# TASK:
Of all the entries below, only the lines from the one with "Slide the threaded" up to and including the one with "自維連立政権について、高市総" are to be duplicated exactly.

# RECORDS PROVIDED:
Start of Block

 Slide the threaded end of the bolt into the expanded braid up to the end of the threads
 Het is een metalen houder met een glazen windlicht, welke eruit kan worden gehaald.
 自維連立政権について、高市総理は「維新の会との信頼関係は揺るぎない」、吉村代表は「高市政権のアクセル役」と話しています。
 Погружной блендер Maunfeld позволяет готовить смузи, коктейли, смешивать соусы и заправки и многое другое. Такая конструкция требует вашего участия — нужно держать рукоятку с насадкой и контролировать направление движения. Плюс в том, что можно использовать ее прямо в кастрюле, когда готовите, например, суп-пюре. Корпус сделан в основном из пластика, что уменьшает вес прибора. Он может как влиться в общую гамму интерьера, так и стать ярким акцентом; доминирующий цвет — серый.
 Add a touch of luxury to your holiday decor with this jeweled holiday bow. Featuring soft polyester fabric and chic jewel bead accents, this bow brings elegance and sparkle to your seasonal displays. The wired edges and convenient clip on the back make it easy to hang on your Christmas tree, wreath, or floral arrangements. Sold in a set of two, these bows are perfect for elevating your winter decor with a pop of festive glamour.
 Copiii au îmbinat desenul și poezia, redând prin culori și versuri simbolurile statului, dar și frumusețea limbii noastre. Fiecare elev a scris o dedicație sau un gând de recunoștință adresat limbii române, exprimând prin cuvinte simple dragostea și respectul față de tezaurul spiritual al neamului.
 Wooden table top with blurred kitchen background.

End of Block
Start of Block

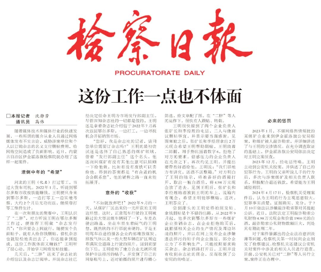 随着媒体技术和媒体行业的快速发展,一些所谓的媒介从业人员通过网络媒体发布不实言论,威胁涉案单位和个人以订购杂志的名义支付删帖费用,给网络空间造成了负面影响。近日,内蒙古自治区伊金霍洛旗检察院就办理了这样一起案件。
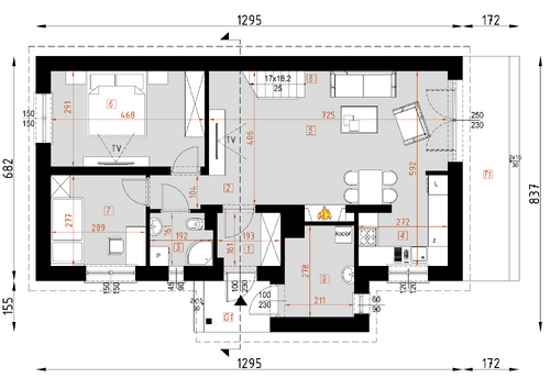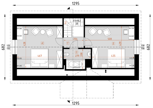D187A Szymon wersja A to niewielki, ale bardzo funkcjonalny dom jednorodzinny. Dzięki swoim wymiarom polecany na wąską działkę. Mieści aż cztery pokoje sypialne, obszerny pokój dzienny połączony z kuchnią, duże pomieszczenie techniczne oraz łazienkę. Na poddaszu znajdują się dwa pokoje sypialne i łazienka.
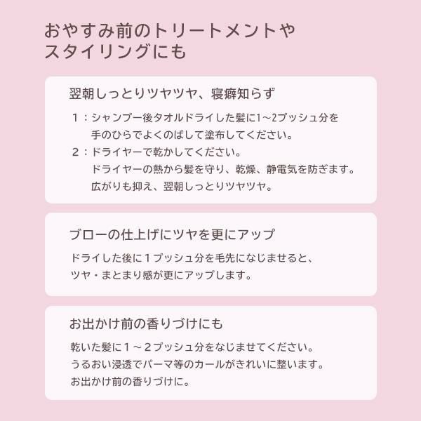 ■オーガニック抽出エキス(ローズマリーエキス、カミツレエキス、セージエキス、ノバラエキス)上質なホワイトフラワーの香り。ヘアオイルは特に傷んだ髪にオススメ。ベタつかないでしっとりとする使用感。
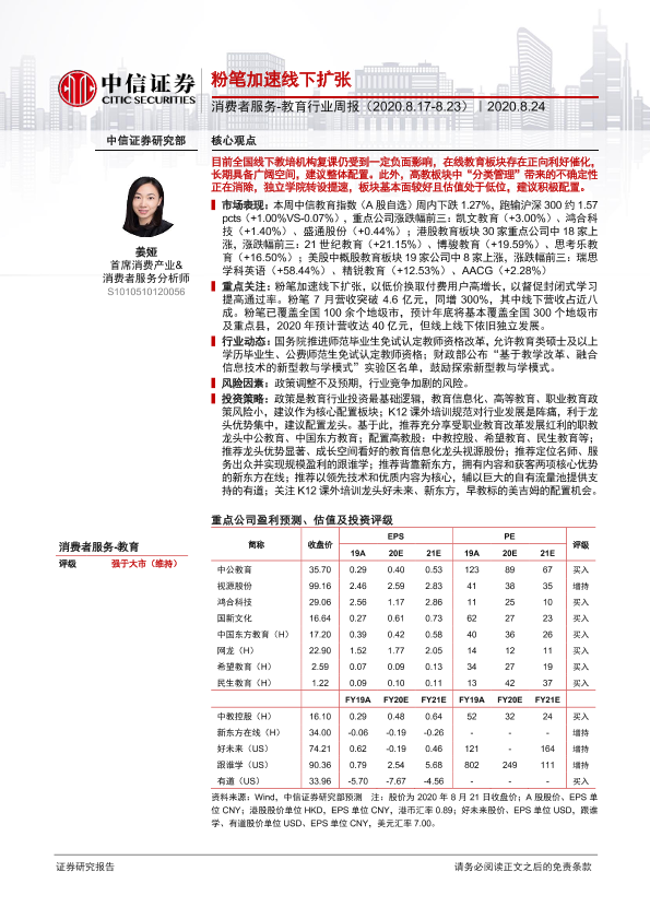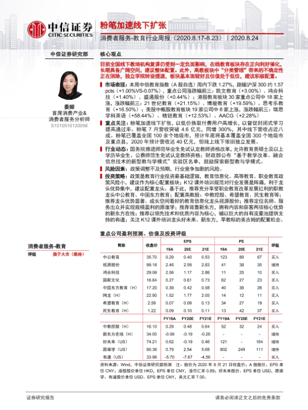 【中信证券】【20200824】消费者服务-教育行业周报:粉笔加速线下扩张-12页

End of Block

# SOLUTION:
 Slide the threaded end of the bolt into the expanded braid up to the end of the threads
 Het is een metalen houder met een glazen windlicht, welke eruit kan worden gehaald.
 自維連立政権について、高市総理は「維新の会との信頼関係は揺るぎない」、吉村代表は「高市政権のアクセル役」と話しています。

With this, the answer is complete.